- Church: Catholic Church
- Diocese: Diocese of Menevia
- In office: 15 March 1941 – 26 April 1946
- Predecessor: Michael McGrath
- Successor: John Petit

Orders
- Ordination: 22 September 1907
- Consecration: 1 May 1941 by William Godfrey

Personal details
- Born: 12 June 1884 Rotherham, Yorkshire, United Kingdom of Great Britain and Ireland
- Died: 26 April 1946 (aged 61) Wrexham, Denbighshire, United Kingdom

= Daniel Hannon =

Daniel Joseph Hannon (12 June 1884 – 26 April 1946) was a Roman Catholic prelate who served as the Bishop of Menevia from 1941 to 1946.
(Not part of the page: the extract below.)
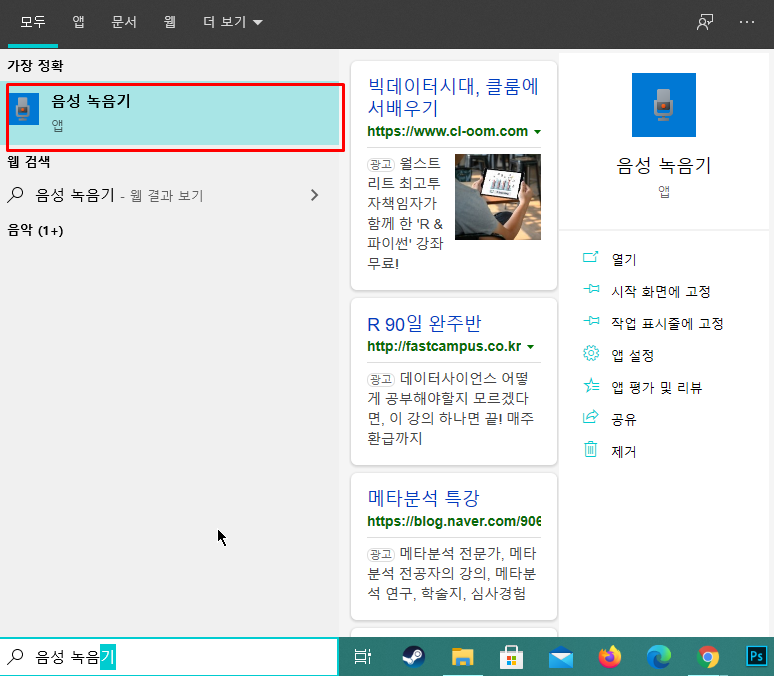 음성 녹음기를 검색해서 실행시킵니다.

Born in Rotherham, Yorkshire on 12 June 1884, he was ordained to the priesthood on 22 September 1907. He was appointed the Bishop of the Diocese of Menevia by the Holy See on 15 March 1941. His consecration to the Episcopate took place on 1 May 1941, the principal consecrator was Archbishop William Godfrey of Liverpool (later Archbishop of Westminster), and the principal co-consecrators were Archbishop Michael McGrath of Cardiff and Bishop Thomas Flynn of Lancaster.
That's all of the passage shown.